Matthias Baccino, Directeur Général de Binck.fr, la succursale française du Groupe BinckBank qui opère aujourd’hui sur le segment du courtage en ligne et de l’Asset Management en ligne, nous parle de l’importance de l’expérience utilisateur. Au coeur de toute la réflexion, l’UX, ce courtisé 2.0, permet le développement de services pour soutenir les activités 100 % digitales d’investissement et de trading sur les marchés financiers des 600 000 clients européens.

Matthias Baccino

Binck, vers une disruption des usages

L’expérience utilisateur a été au cœur de la création même de BinckBank en 2000 à Amsterdam. Nous avons fait partie d’une première vague Fintech, au moment de la croissance d’internet, à la fin des années 90, au début des années 2000, et nous avons complètement transformé l’expérience des investisseurs autonomes en bourse. Avant la création d’une plateforme technologique comme celle que propose Binck, il était question de passer ses ordres par téléphone, auprès de son conseiller, ou même en physique, éventuellement en agence. Nous avons donc été sur une disruption des usages, comme on dit aujourd’hui, absolument fondamentale.
L’expérience utilisateur, aujourd’hui est vraiment au cœur du fonctionnement de Binck. Nous avons à Amsterdam un UX Lab, c’est à dire toute une équipe dédiée uniquement à l’échange avec les clients finaux et à la construction d’une expérience utilisateur fluide sur les différents canaux de la plateforme internet, à notre application mobile en passant par les échanges avec le service client.

 

Transparence, confiance et réassurance du consommateur

Après, il est nécessaire d’avoir à l’esprit que la dimension Fintech de notre activité, le fait d’être centré sur le client, le fait d’être une entreprise qui a vocation à améliorer l’expérience utilisateur sur un pan de la vie économique des particuliers, ne fait pas tout. Aujourd’hui, nous voyons bien que les clients finaux attendent une hybridation entre les banques et les Fintech.
Nous représentons un tiers de confiance, il est absolument indispensable de présenter à nos clients une structure financière, une structure d’entreprise qu’on appelle en anglais « rock solid », c’est-à-dire absolument à l’épreuve des différentes crises que nous venons de traverser.
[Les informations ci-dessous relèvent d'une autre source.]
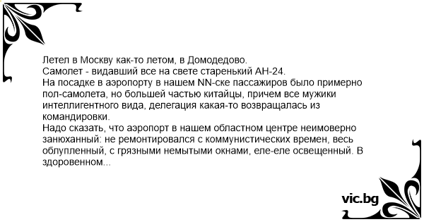 Летел в Москву как-то летом, в Домодедово. Самолет - видавший все на свете старенький АН-24. На посадке в аэропорту в нашем NN-ске пассажиров было примерно пол-самолета, но большей частью китайцы, причем все мужики интеллигентного вида, делегация какая-то возвращалась из командировки. Надо сказать, что аэропорт в нашем областном центре неимоверно занюханный: не ремонтировался с коммунистических времен, весь облупленный, с грязными немытыми окнами, еле-еле освещенный. В здоровенном здании всегда пусто и холодно, не работают зал ожидания и буфет, нет даже авиакассы, воняет толчком. Народ появляется только непосредственно перед посадкой. Китайцы же, судя по всему, приехали много заранее и, удивленно озираясь, шарахались по пустынному чудо-аэропорту. Прошли регистрацию и стали в отстойнике ждать посадки. Вышла какая-то тетя, отперла дверь и предложила пешком двигаться под дождиком через пол-поля до самолета. Китайцы удивились еще раз - видимо предполагали, что их все-таки не поведут, а повезут. Подойдя к самолету, китайцы окончательно впали в ступор: перед ними предстало почти черное от грязи и копоти, с кучей вмятин на корпусе корыто с пропеллерами. Внутри все было тоже весьма засижено и попахивало блевотиной. Вы видели когда-нибудь БЕЛЫХ китайцев с большими круглыми глазами? Нет?? А я видел... :) Как только расселись, китайцы достали фляжки, явно не с водой, и стали нервно отхлебывать. Взлетели однако без проблем. Тем не менее, вскоре самолет стал регулярно проваливаться в воздушные ямы. Китайцы запели песни. Наши ржали. На подходе к Домодедово, почти перед самой посадкой, я внимательно смотрел в окно, некоторые китайцы тоже. Надо заметить, что у АН-24 иллюминаторы выпуклые, так что если просунуть голову, то весьма неплохо видно не только вбок, но и вперед. Перед началом взлетно-посадочной полосы я вдруг разглядел сгоревший самолет, вроде ТУ-134, с отвалившимся хвостом, заботливо прикрытый маскировочной сеткой. Его увидел не я один - пара китайцев, отчаянно жестикулируя, стала что-то орать товарищам. Некоторых китайцев прошиб холодный пот. Приземлившись, выходили они очень быстро. Что там за сгоревший самолет лежал я так и не понял, накануне никаких сообщений про аварию в прессе не было. Это, наверное, было что-то вроде пожелания "Счастливого пути!" по-домодедовски.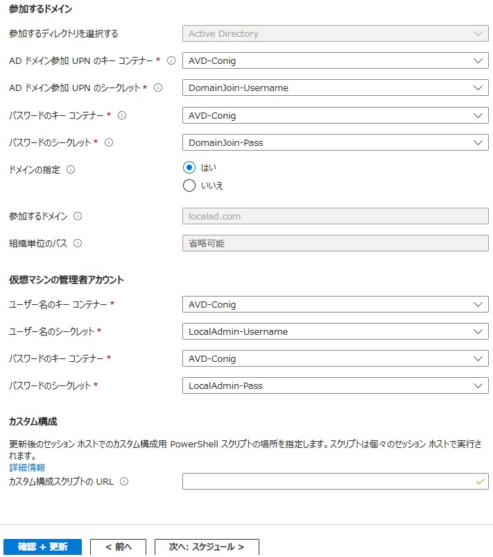 仮想マシンの管理者アカウント:Step2で作成したシークレットを選択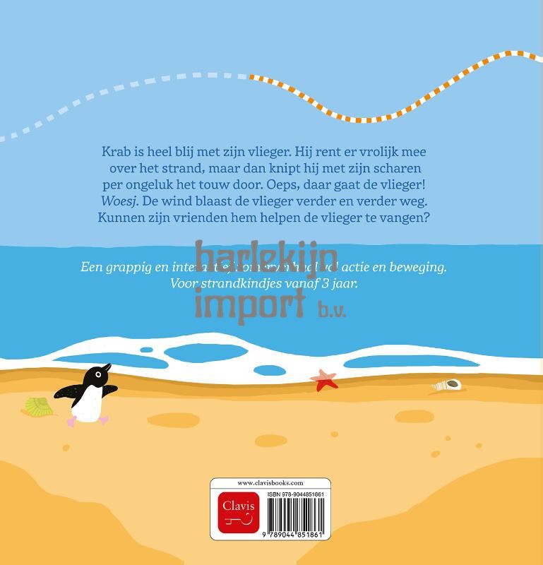 Krab is heel blij met zijn vlieger. Hij rent er vrolijk mee over het strand, maar dan knipt hij met zijn scharen per ongeluk het touw door. Oeps, daar gaat de vlieger! Woesj. De wind blaast de vlieger verder en verder weg. Kunnen zijn vrienden hem helpen de vlieger te vangen? Een grappig en interactief zomerverhaal vol actie en beweging. Voor strandkindjes vanaf 3 jaar.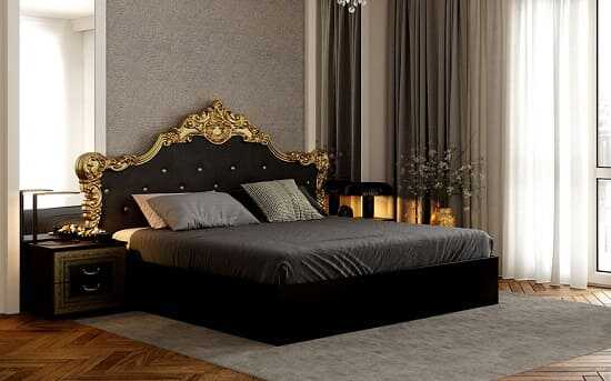 К замечательным примерам нестандартного сочетания классического стиля и черного глянцевого цвета, можно отнести роскошную кровать Реджина. Кровать смотрится очень эффектно в интерьере классической спальни, при этом не перегружая его лишними деталями. Такой эффект достигается благодаря нейтральной отделке стен и правильно подобранному декору теплых оттенков.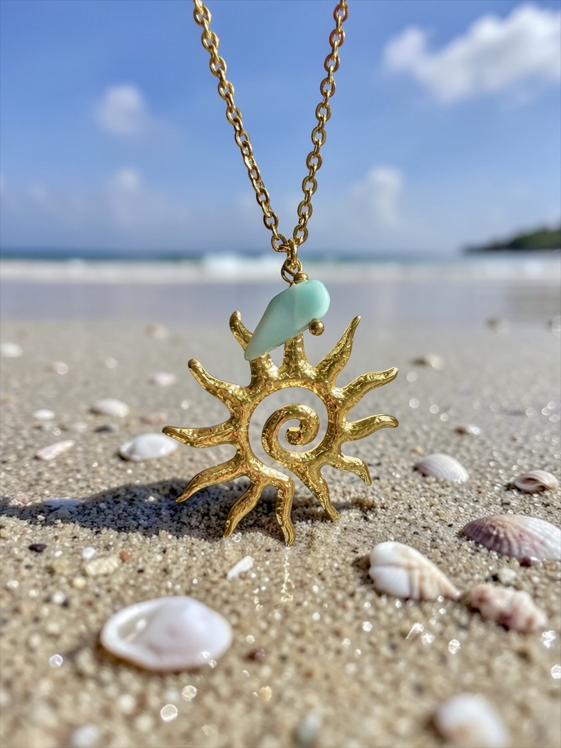 To naszyjnik, który wygląda jak promień słońca zamknięty w biżuterii.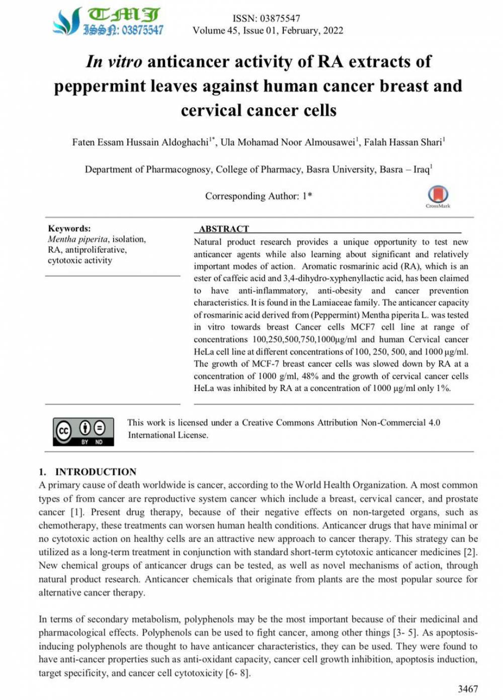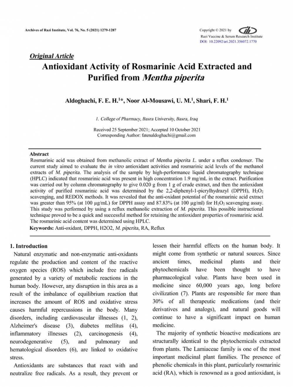تدريسيون فـــــــي جامعة البصرة ينشرون بحثاً فـــــــي مجلة عالمية...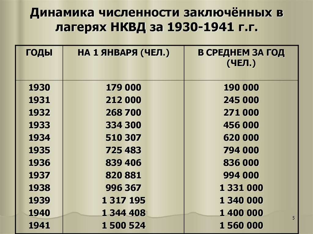 5. Динамика численности заключённых в лагерях НКВД за 1930-1941 г.г.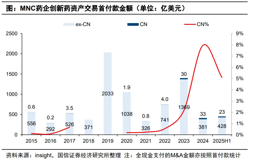 进入2025年上半年,超过50亿美元的交易仍有6笔,但其中绝大多数是授权或小型并购,真正意义上的“巨额并购”只有2个。这表明MNC的心态在变化:从“重拳收购”到“灵活补充”,它们更愿意通过可控、低风险的方式来稳健地填补研发空白。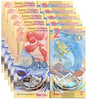 East Caribbean 2 Dollars 2023 2024 40th P 61 Polymer UNC LOT 5 Pcs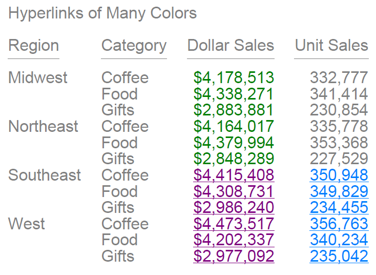 TABLE FILE GGSALES SUM DOLLARS/D12CM UNITS/D12C BY REGION BY CATEGORY HEADING "Hyperlinks of Many Colors" "" ON TABLE SET PAGE-NUM OFF ON TABLE PCHOLD FORMAT PDF ON TABLE SET STYLE * TYPE=REPORT, SQUEEZE=ON, FONT=ARIAL, GRID=OFF, COLOR=GREY, HYPERLINK-COLOR='SLATE BLUE',$ TYPE=DATA, COLUMN=UNITS, WHEN=REGION GE 'O', URL='http://www.ibi.com',$ TYPE=DATA, COLUMN=DOLLARS, COLOR=GREEN, HYPERLINK-COLOR='PURPLE',$ TYPE=DATA, COLUMN=DOLLARS, WHEN=REGION GE 'O', URL='http://www.ibi.com',$ ENDSTYLE END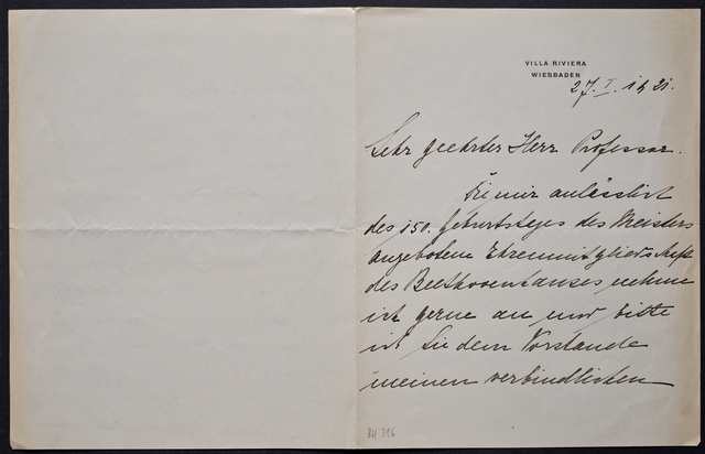 Irma Adelmann, Brief an den Verein Beethoven-Haus Bonn, Wiesbaden, 27. Januar 1921, Autograph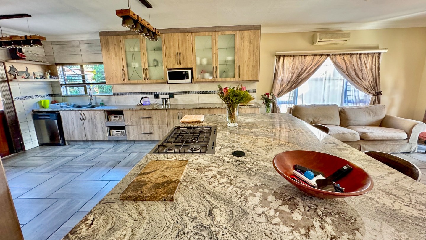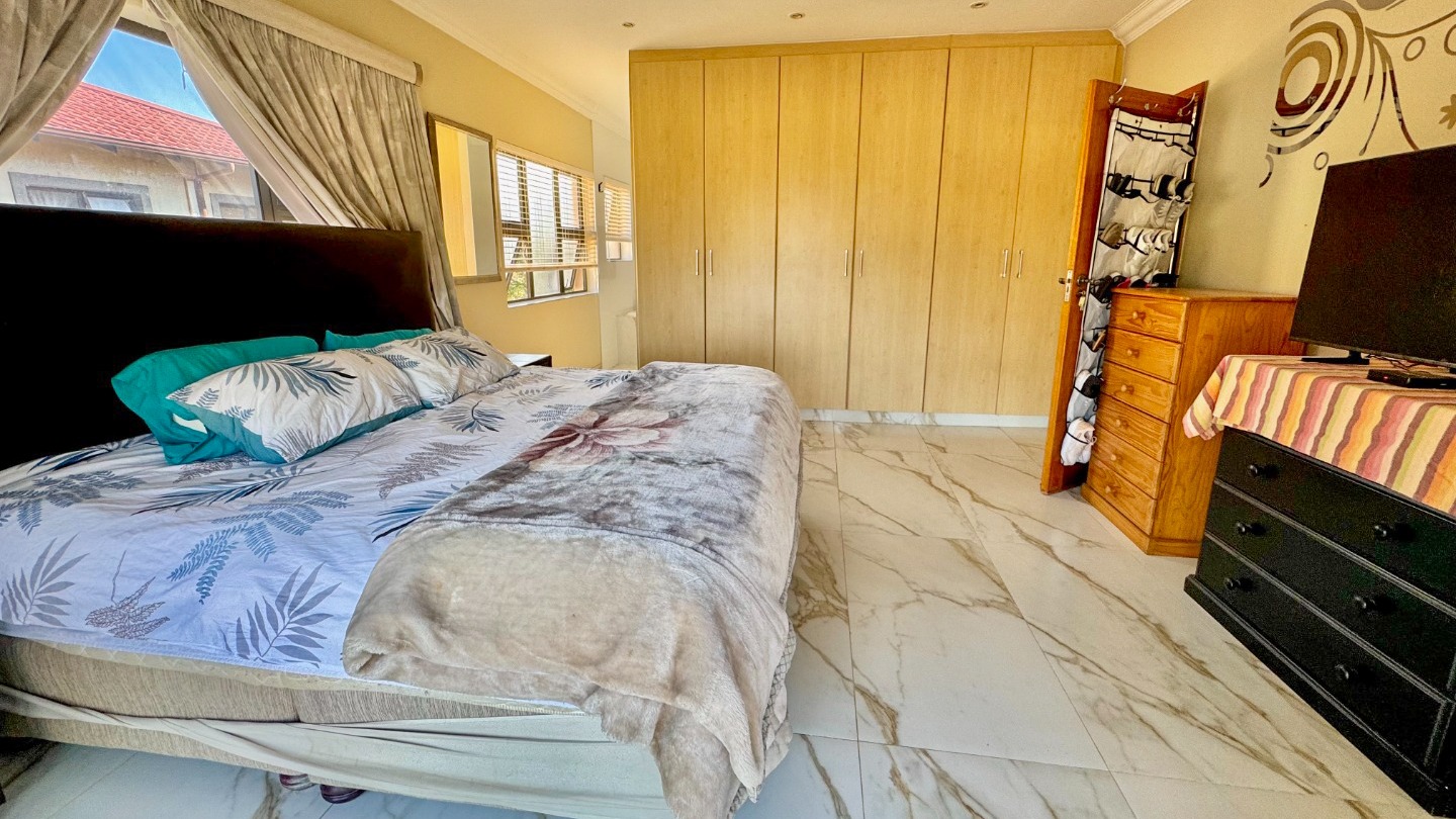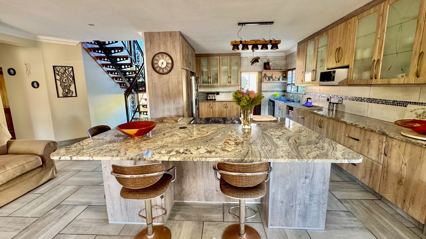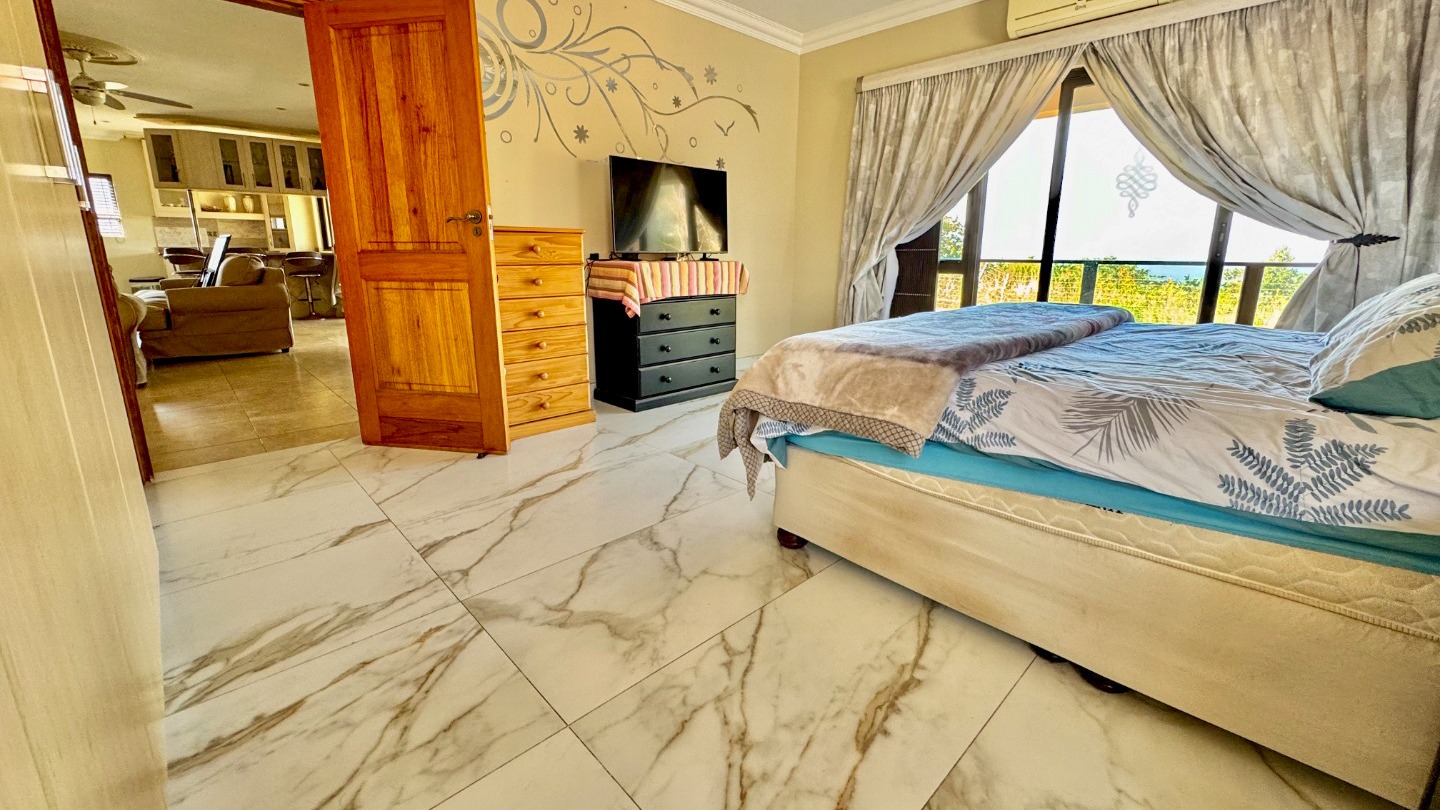 Upstairs, a second lounge and sleek bar area create a relaxed entertainment zone that opens onto a generous balcony with a built in braai and jacuzzi. Here, elevated sea views set the tone for slow mornings and relaxed evenings. The main bedroom forms a private retreat with a luxurious en suite and its own balcony, while two additional bedrooms and a spacious family bathroom complete the upper level.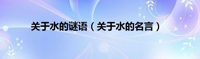 大家好,小问来为大家解答以上问题。关于水的谜语,关于水的名言这个很多人还不知道,现在让我们一起来看看吧!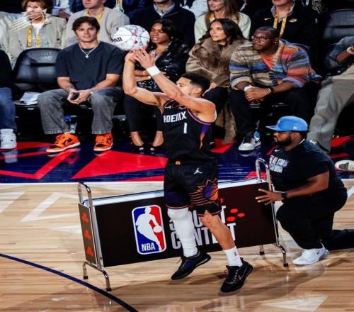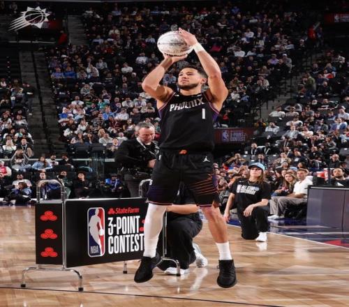 利拉德第二個出場,前16個球命中了14個,包括一個4分的花球。后面準(zhǔn)度有所下滑,最終仍有29分。布克一上來也不遑多讓,連中九個球,后面也投進(jìn)了一顆四分球。還剩三個花球的時候,布克拿到27分,剩下三個花球投進(jìn)一顆追平利拉德,投進(jìn)兩顆就拿到冠軍。然后布克三個花球全部投丟,成為三分大賽歷史非常戲劇性的一幕。

Et c’est peut-être la différence par rapport aux fintechs qui se créent aujourd’hui, c’est qu’effectivement, chez BinckBank, nous avons une assise financière, nous sommes une société cotée avec des ratios prudentiels très élevés. Nous sommes effectivement à mi-chemin entre la dimension Fintech de notre activité, l’expérience utilisateur, le client focus et une activité bancaire plus traditionnelle avec toutes les preuves de confiance que l’on peut donner à nos utilisateurs.

 

Vers une hybridation entre les banques et les fintechs

Pour moi il faut éviter l’achat des fintechs par des structures beaucoup plus grosses. En jeu?  Un risque d’étouffement justement de leur créativité technologique sous la pesanteur administrative des grosses banques.

En revanche, jusqu’où ira l’hybridation entre banques et Fintech ? À mon sens, l’hybridation ira jusqu’à ce que le client final soit satisfait du modèle proposé. Et c’est là où le profil actuel de Binck.fr peut être intéressant. Où, effectivement, en étant à mi-chemin entre une Fintech et une banque pour les trois points que je mentionnais tout à l’heure, c’est-à-dire l’expérience utilisateur, le client focus, mais la solidité financière et l’assise financière d’une banque, et bien, c’est probablement là qu’une solution est à trouver.